Hodgson writes that water rights in both civil law and common law traditions are "land based approaches". He states "Under both the common law and civil law traditions, the right to use water depended primarily on the use or ownership of land or structures built on such land. The logic of this approach is based on the fact that historically most water rights, apart from those relating to "in-stream" uses, related to the use of water on land".
He separates surface water rights (pages 19-25) from ground water rights (pages 25-27) in his study. It may be noted that both traditions treat underground streams on par with surface water. I will follow my own method of separating civil law from common law.
Hodgson also devotes a few paragraphs to "rights to water in artificial water courses". I do not propose delving into this subject.
Hodgson states Roman law (and others including Islamic law) held that running water was a part of the "negative community" (res communes) of things that could not be owned along with air, the seas and wildlife. However, it could be used for benefit and the usufruct (i.e. right of enjoying a negative community item) needs to be regulated.
Roman law differentiated between the more important watercourses (e.g. rivers) from the less important. The latter was considered amenable to private ownership but the others were deemed to be public. A public stream was open to anyone who had access to them.
The Napoleonic code retained a similar distinction. A "navigable" or "floatable" watercourse was deemed to be public. Their use required a permit or authorization from the Government.
Hodgson mentions other cases including "the Spanish Water Act of 1886 considered as private all surface waters, that is waters springing in a private property and rainfall waters, but only for its use on that land and not beyond the limits of that estate".
Hodgson writes civil law surface water rights could be considered a riparian system to some extent as "Roman law did not provide for involuntary servitude of access". This point will become clear when we discuss the doctrine of riparian rights applicable in common law.
Regarding ground water, Hodgson shows it to be a property of the owner of the land above it. He cites article 552 of the French Civil Code "Ownership of the ground involves ownership of what is above and below it. An owner may make above all the plantings and constructions which he deems proper, unless otherwise provided for in the Title of Servitudes or Land Services".
India, like most of the former English colonies, follows the common law. Krishna Water Disputes Tribunal (KWDT or KWDT-I) states: "The Indian law is based on the common law of England.
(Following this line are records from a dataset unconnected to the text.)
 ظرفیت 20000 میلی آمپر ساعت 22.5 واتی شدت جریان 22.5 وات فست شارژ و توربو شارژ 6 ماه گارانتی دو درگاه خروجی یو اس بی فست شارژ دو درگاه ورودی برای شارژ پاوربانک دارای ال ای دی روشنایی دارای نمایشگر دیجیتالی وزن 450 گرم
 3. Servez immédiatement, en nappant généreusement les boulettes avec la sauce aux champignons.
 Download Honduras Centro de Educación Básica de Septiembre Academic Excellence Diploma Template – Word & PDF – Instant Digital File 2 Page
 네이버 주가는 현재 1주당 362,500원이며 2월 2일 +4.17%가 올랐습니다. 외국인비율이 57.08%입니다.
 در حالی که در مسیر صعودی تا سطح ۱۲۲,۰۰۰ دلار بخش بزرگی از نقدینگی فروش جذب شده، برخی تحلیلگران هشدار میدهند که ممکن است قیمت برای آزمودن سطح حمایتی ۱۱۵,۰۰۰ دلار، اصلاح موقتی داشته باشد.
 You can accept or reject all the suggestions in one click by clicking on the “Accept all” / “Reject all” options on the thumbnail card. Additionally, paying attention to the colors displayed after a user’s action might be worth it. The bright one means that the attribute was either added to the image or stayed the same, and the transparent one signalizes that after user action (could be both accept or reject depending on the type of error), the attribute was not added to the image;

The common law doctrine has been considerably modified in England by the Water Resources Act 1963, Chapter 38, sections 23 to 32, but the general Indian law continues to be the same as before" (volume I, page 79).
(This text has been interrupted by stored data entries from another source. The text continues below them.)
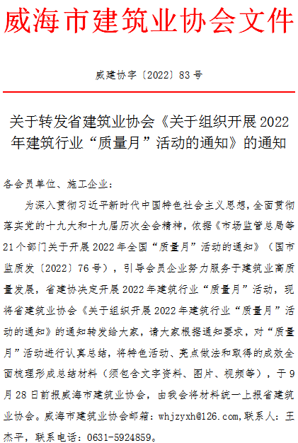 關于轉發(fā)省建筑業(yè)協(xié)會《關于組織開展2022年建筑行業(yè)“質量月”活動的通知》的通知
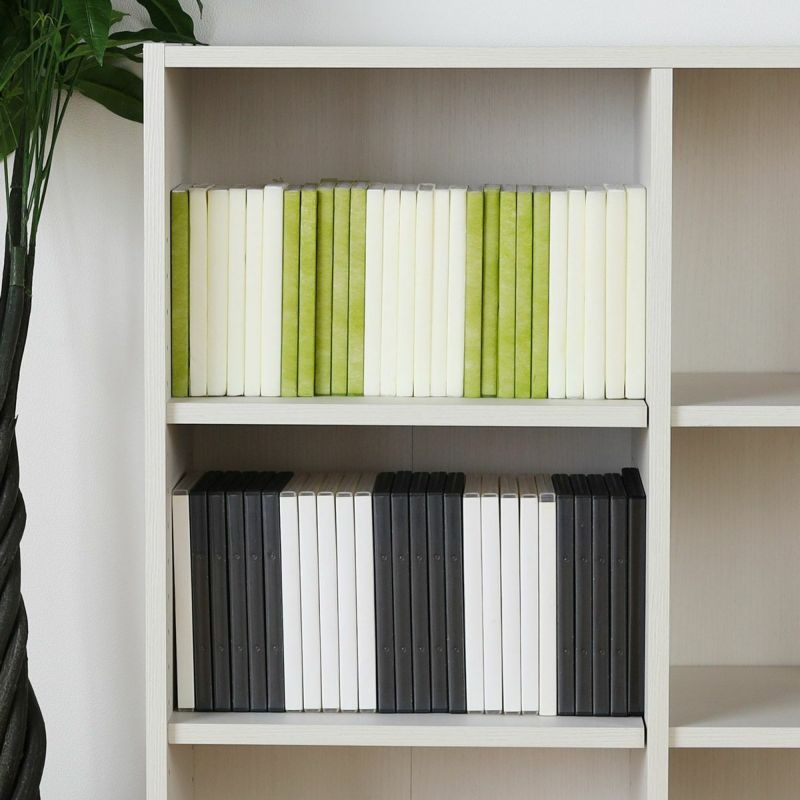 棚1段にDVDは約26本、コミックは約26冊を収納できます。木口には、木の凸凹まで再現した3Dエンボス加工のテープを使用しています。奥行きは約29cm。コミックや文庫本サイズなら前後に並べて収納ができます。
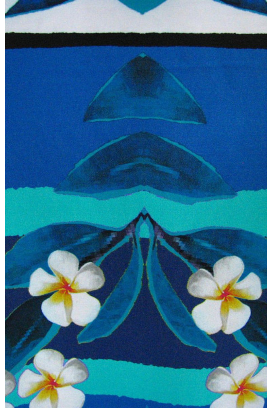 Itališkas likros megztas audinys, kurio kupono dydis 135cm*140cm. Labai įdomus gėlių raštas šviesiai tamsiai mėlyname fone.
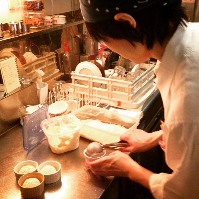 昨日から速報してますアイスクリーム。まかない後クルッ、ポンと沼田さんが手際よく盛り付けてくれました。「なめらかで爽やか〜(。-_-。)」です。なめらかでコクがあるのに生姜でさっぱり。この季節のご飯のあとにぴったりな美味しさでした!(うめ)
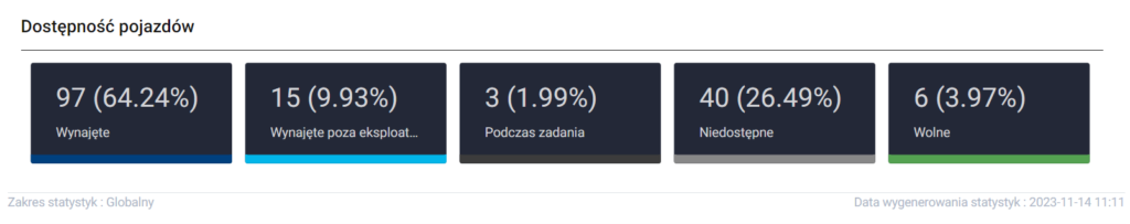 Każda z nich ukazuje ilość samochodów w grupie oraz ich stosunek procentowy do ogólnej ilości transportów. Dodatkowo po kliknięciu na na nich przeniesie nas do Pojazdy / Flota gdzie będzie można zobaczyć szczegółowy opis pojazdów w danej grupie.
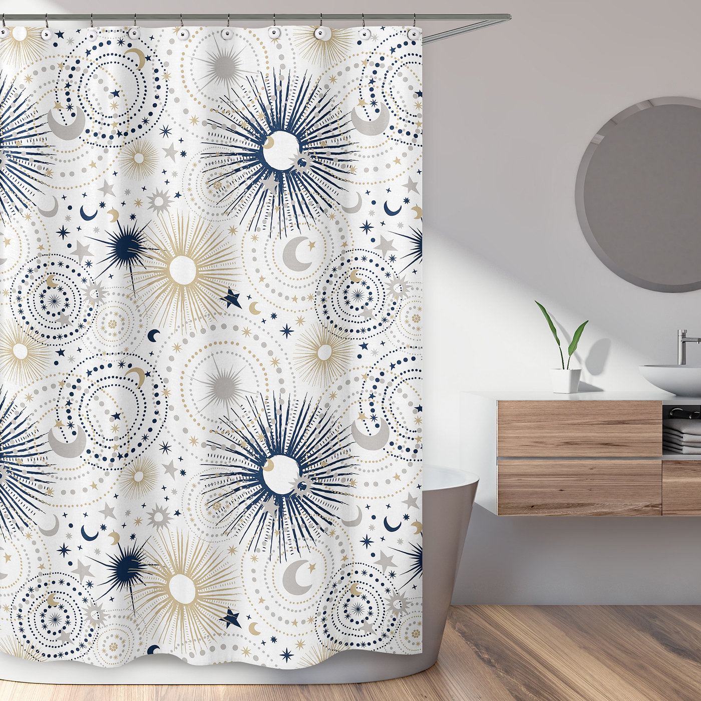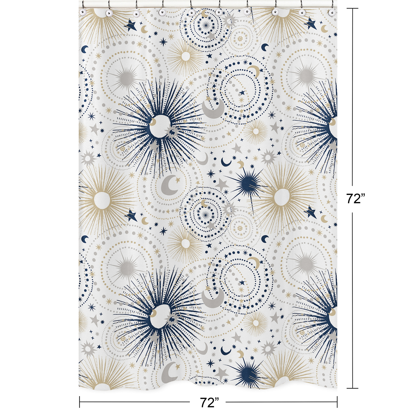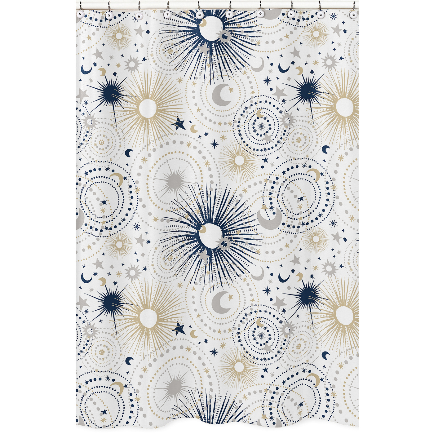 This design has matching accessories such as window treatments, hampers, bed skirts and pillowsItem# ShowerCurtain-Celestial-BU
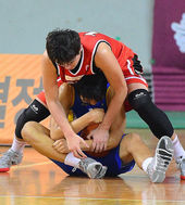 2014.09.04 14: 19안영준-강상재,'루즈볼 다툼 결승전만큼 치열하네'
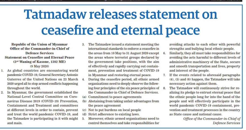 ● 缅甸国防军5月9日宣布,为了应对新冠疫情,也为了缅甸的永久和平,缅甸从5月10日至8月31日实施停火。详情
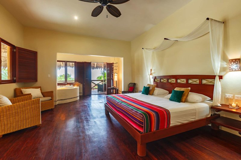 Juniorsuite Superior: Verfügen über die gleiche Ausstattung wie die Juniorsuiten, liegen allerdings in erster Strandreihe und haben teilweise Meerblick (je nach Verfügbarkeit) und haben einen zusätzlichen Whirlpool (2JS).
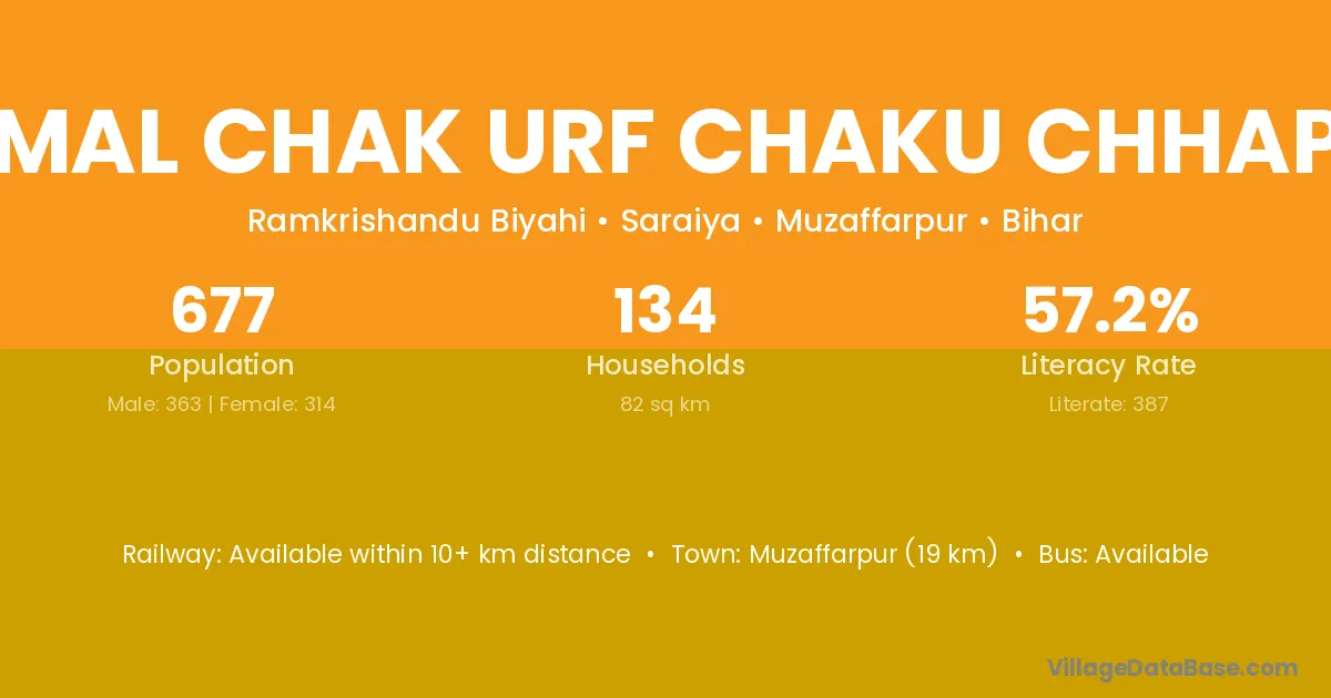 Kamal Chak Urf Chaku Chhapra village has a total population of 677 people, of which 363 are males and 314 are females.

As the Indian law is based on the common law of England (as it was in 1950), it is important for us to understand the system in slightly greater detail than the previous chapter's brief coverage. The following paragraphs provide adequate input on the fundamental thrust of the common law tradition.
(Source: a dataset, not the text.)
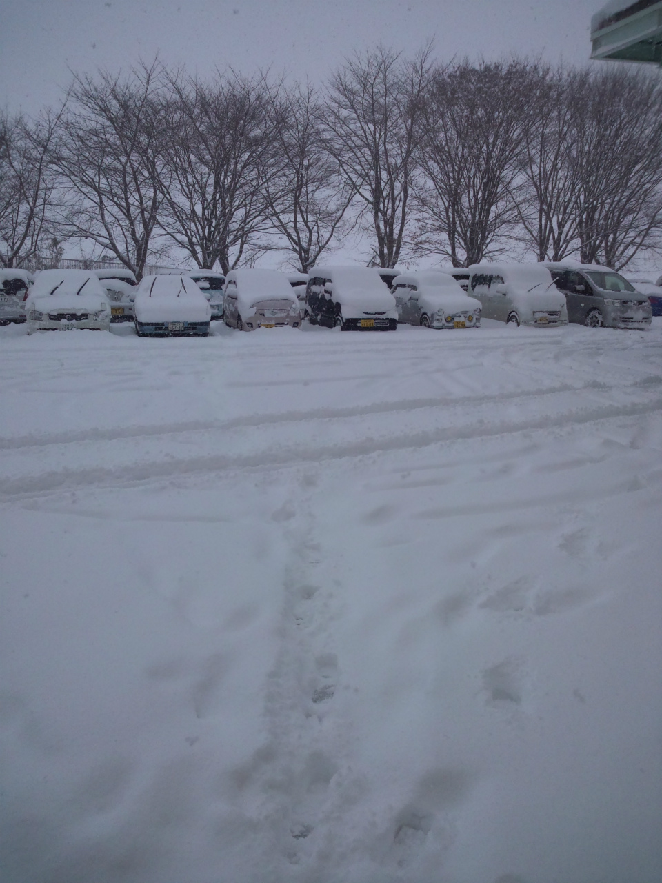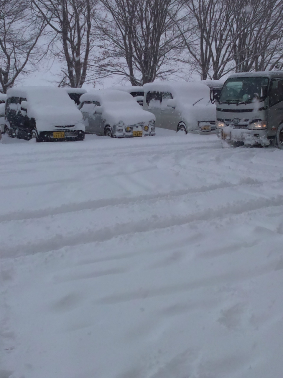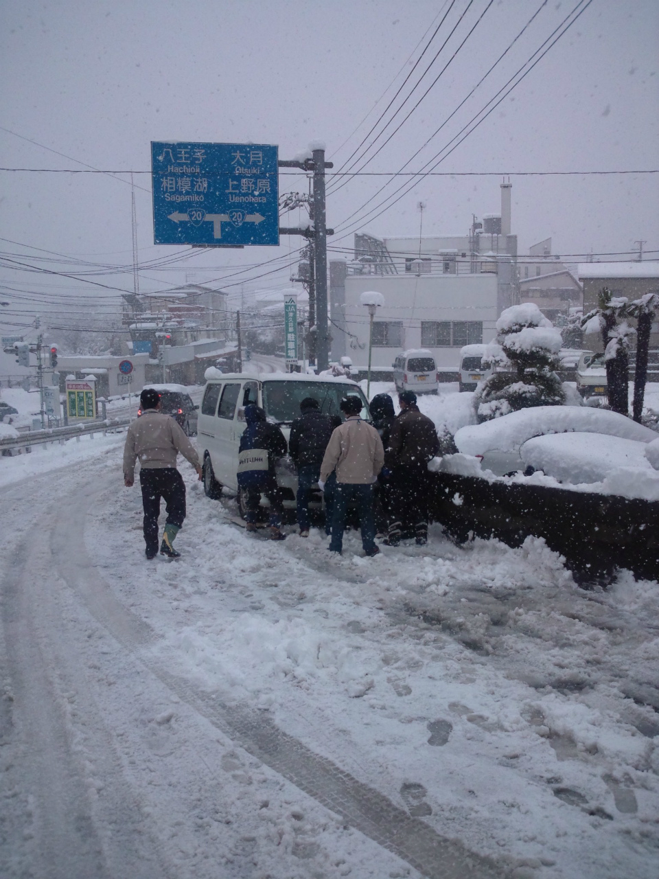 車をみんなで押し出して救助し、近くのJAの駐車場に置いて会社へ行きました。

Justice David Brewer in the opinion (as judgments are called in the US) in Kansas v. Colorado, 206 U.S. 46 (1907) quotes the jurist James Kent: "The common law includes those principles, usages, and rules of action applicable to the government and security of persons and property, which do not rest for their authority upon any express and positive declaration of the will of the legislature".
Justice Brewer goes on to explain further: "As it does not rest on any statute or other written declaration of the sovereign, there must, as to each principle thereof, be a first statement. Those statements are found in the decisions of courts, and the first statement presents the principle as certainly as the last".
The role of precedent in common law is confusing to many people including some in the legal fraternity. Precedence as a concept relates to the principle, not the fact being judged.
The importance of precedent has sometimes led to the common law tradition being described as "judge made". This is misleading: judges state the legal principles applicable but do not draft the law. The "first statement" is a summary of positions already established and being followed.
Several judgments in the American system are "unpublished" i.e. these opinions are not published in the appropriate Law Report. This is because the judge deems these are deemed not to have any precedential value.
Stare decisis is subject to the hierarchy as well as jurisdiction. A legal principle set out in a lower court may not be relied upon by a superior or appeals court. Similarly a precedent from a different jurisdiction may not be treated as binding.
It is essential to note stare decisis is neither infallible nor eternal. Legal principles can be (and, in several instances, have been) subsequently overturned. A legal principle thus overturned on fundamental grounds ceases to be stare decisis and may not be relied in further discourse.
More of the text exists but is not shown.